Una reazione relativamente contenuta degli asset rischiosi suggerisce che i mercati siano stati propensi a guardare oltre il conflitto, nella speranza di una conclusione relativamente rapida. Tuttavia, siamo molto poco fiduciosi che sarà così. In definitiva, riteniamo che l’Iran abbia la capacità di mantenere effettivamente chiuso lo Stretto di Hormuz per un periodo prolungato attraverso forme di guerra relativamente economiche e a bassa tecnologia. La minaccia rappresentata da droni, mine e piccole imbarcazioni d’attacco potrebbe rivelarsi difficile da eliminare lungo una costa estesa, in assenza di una presenza militare sul terreno.
In questo contesto, potrebbe essere il regime iraniano a decidere quando il conflitto terminerà, piuttosto che dipendere da una dichiarazione di vittoria proveniente dalla Casa Bianca. Dal punto di vista iraniano, la guerra attuale è esistenziale per il regime e ciò rende difficile prevedere una resa o negoziati nel breve termine.

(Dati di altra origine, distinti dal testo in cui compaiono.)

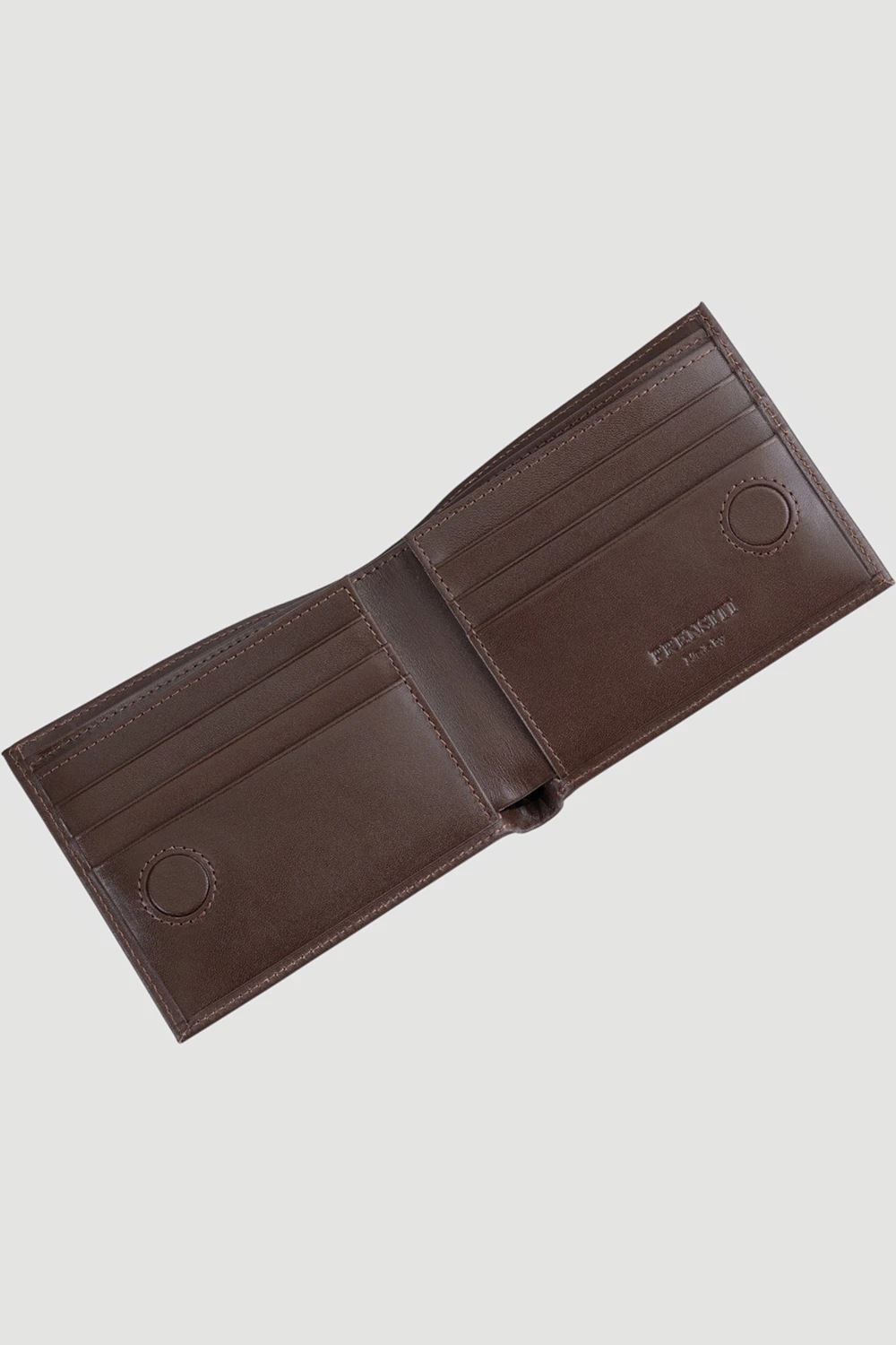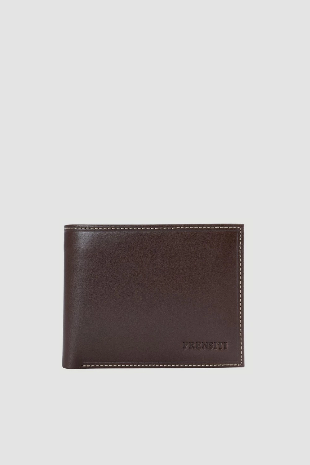 Коричневый мужской кошелек с двумя просторными отделениями для купюр, скрытого потайного кармана на молнии и несколькими отсеками для банковских карт. Элегантный дизайн и функциональность делают этот аксессуар выбором современного мужчины.

Le speranze degli Stati Uniti di una sollevazione popolare in Iran non si sono concretizzate, dopo che proteste passate sono state brutalmente represse, e anche l’idea che scorte navali possano garantire un passaggio sicuro nello Stretto di Hormuz appare eccessivamente ottimistica.
È significativo che la marina statunitense mantenga una distanza molto prudente, e non sorprende che gli appelli di Trump agli “alleati” affinché impegnino le proprie navi siano stati rapidamente respinti. Dal punto di vista iraniano, appare chiaro che uno degli obiettivi sia ottenere un allentamento delle sanzioni al termine del conflitto.
Inoltre, emerge un chiaro desiderio di eliminare la presenza e l’influenza statunitense dal Golfo e, più in generale, nel mondo arabo. Sebbene ciò possa sembrare irrealistico, il prezzo che molti di questi Paesi stanno pagando per la guerra USA/Israele è molto significativo.
Sarà interessante osservare come cambierà l’opinione pubblica nella regione nelle prossime settimane e mesi, poiché è difficile pensare che l’azione degli Stati Uniti abbia migliorato le relazioni bilaterali nella regione.
Si registra una crescente carenza di prodotti raffinati, con i prezzi di benzina e carburante per aerei che aumentano molto più rapidamente rispetto al greggio. Ciò è spiegato dalla dipendenza dalla capacità di raffinazione del Medio Oriente, attualmente di fatto esclusa dal mercato. Di conseguenza, la Cina ha imposto un divieto di esportazione sui prodotti raffinati per proteggere i consumi interni.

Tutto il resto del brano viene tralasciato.